Disclaimer: I own nothing except my own personal holiday spirit.

Yuletide Peril

God, I can't breathe… Oh, God, oh, God…

She could feel her heart struggling to break free from her body. Her hand clamped upon her chest in a bony fist: there it was, her heartbeat in her palm, then suddenly gone. Choking on air, she fought to hold her body upright—but no, no, this world was upside down. Why were there so many voices…? And what was this color, it couldn't be…no…not her blood?

Bile spat from her mouth, and the girl trembled with the sickening knowledge: he'd done this. He'd watched, emotionless, as she'd collapsed in this heap of shattered bones. It made her dizzy, this combined with that awful sound and smell…and those voices. Yes, there were voices.

"She alright?"

"Good Lord, what possesses a girl like that to go throw herself from a balcony?"

"Nasty fall."

"Probably drunk leaving some holiday party. You know kids these days."

Everything became unfocused as the sirens wailed, their bright lights casting red on the snowy ground. What was blood anymore, what was light…? The girl's bright green eyes fluttered, briefly, before entering something close to dreaming but emptier. Hollow. Forgotten. A news article that'd be fresh for only a week: Accident…or Violent Act?: The Fa-la-la-la-Fall of Dia Emeralds.

You can't judge me. What happened to me wasn't my choice. That, at least, I know to be true.

"I don't understand why you didn't call ahead about this."

"Oh, of course you don't. It's hard to explain, mon amour."

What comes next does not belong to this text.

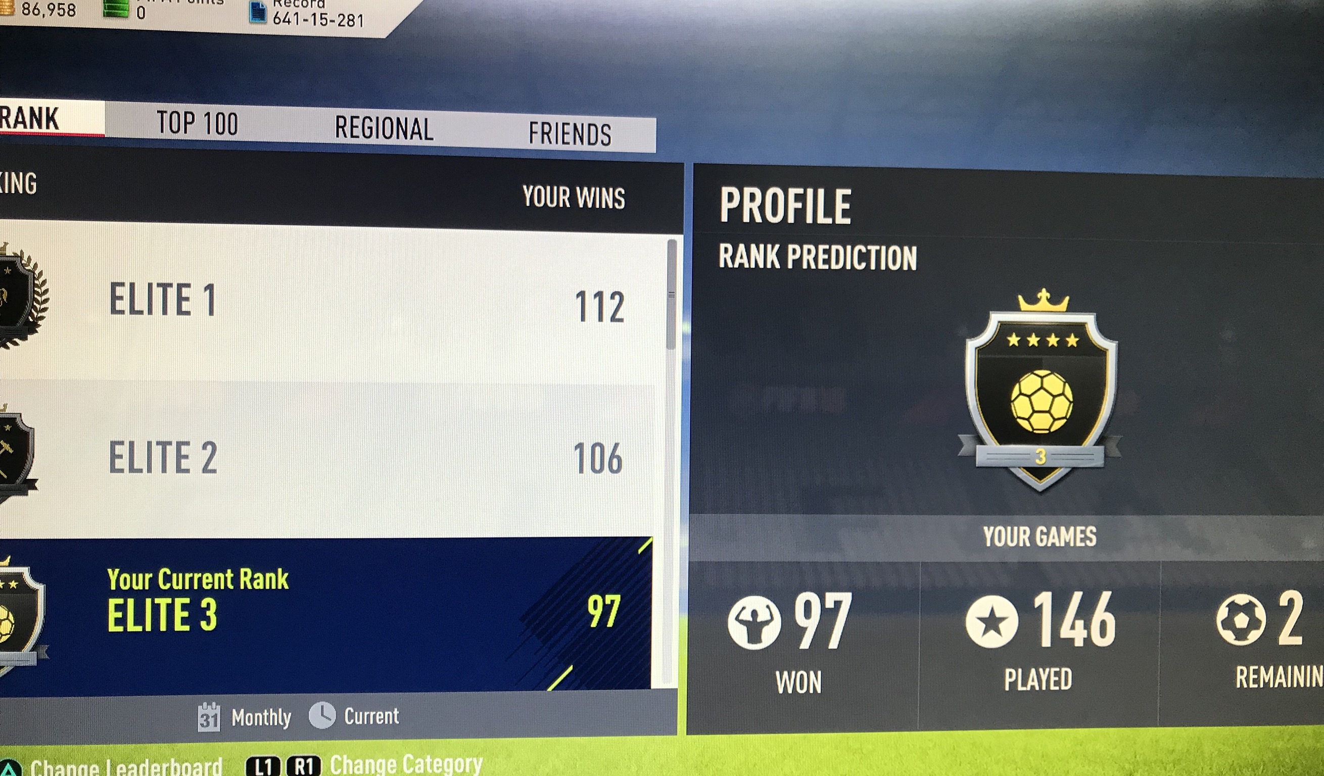 I was 19-4 and it went a bit tits up yesterday, I was playing good Fifa until the servers went down.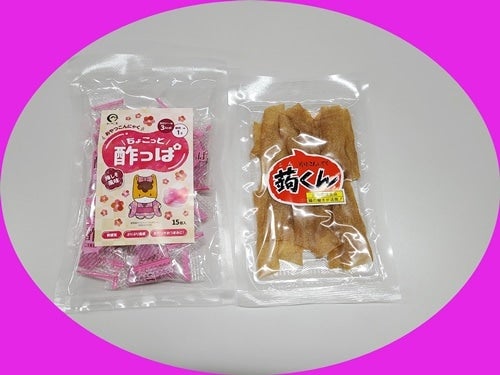 こんにゃくのプリッとした食感を出し、漬け込み液の無いタイプのおやつこんにゃくに仕上げました。しその風味と酸味でさっぱりとした味をいつでもどこでも手軽にお召し上がりいただけます。

The voices were loud, obnoxious in Terry's ears. The statue on the porch sat perfectly still, his hand curled about a gun barrel and his eyes surveying the figures darting through his woods. Clumsy idiots, whoever they were. City folk. Terry snorted at that and lifted the pipe from his side, taking in a good long draft before letting the smoke out in a puff of air. Course, wasn't any city blood in him, that was certain. None at all.

"My God, what is that?" a voice squeaked. "Oh! Oh, that hurt! Eve, Eve, help me up!"

Terry lifted a busy white eyebrow as one shadow slipped to the floor, the second rushing to his aid. Slender white arms pulled the stumbling boy upwards, and nervous laughter pierced the silence that followed. "Carl, darling, you ought to watch where you're going," a second voice trilled. "You'll hurt yourself again."

"You're absolutely right." The boy dusted off his pants and smiled. "Can't give your grandpa a bad impression!"

Terry choked on his smoke. Grandpa. The kid had said Grandpa. Oh, God. His beady eyes widened as the two silhouettes became more distinguished in the light: the billowing outline of a gown, the shine of dress shoes on the mud. God, no. No. The woman raised her hand over her eyes, squinting, before waving and shouting, "Grandpa Terry! It's me, Eve! Your granddaughter?"

There was an audible click. The beauty's hands flew to her mouth, and she screamed, "Grandpa Terry, no! Put that gun down this instant; you'll scare him."

"Too late," Terry grunted, the pasty boy in front of him a shaking mess of bones. "Now, I'm only gonna say this once, so get it right. If you don't want to look down this gun's barrel no more, leave."

"Grandpa!" Eve gasped.

"What? It's my property, and I get a say in what chicken-hearted bastards are allowed to come on here, don't I?"

"I-i-it's okay," Carl stammered out with a forced grin. "M-m-maybe it's better if we do as he says?"

Huffing, the girl crossed over between the boy and the gun, her red eyes set on Terry's. "Aren't you ashamed of yourself? We come all the way here to spend a Christmas dinner with you, and you point a gun at my fiancé's head?"

"I-I-I don't mind," Carl squeaked out. "I…uh…appreciate the welcome!"

The old man frowned, then suddenly jumped forward, causing the poor boy to recoil in fright. "This yellow-bellied coward," Terry stated, "is gonna marry my Eve?"

"Grandpa, please. You're referring to mon amour de ma vie," Eve protested, her tongue dancing around the French syllables. "I'd appreciate it if you used kinder language."

"Alright, then." Terry raised his eyebrows. "You got a name, kid?"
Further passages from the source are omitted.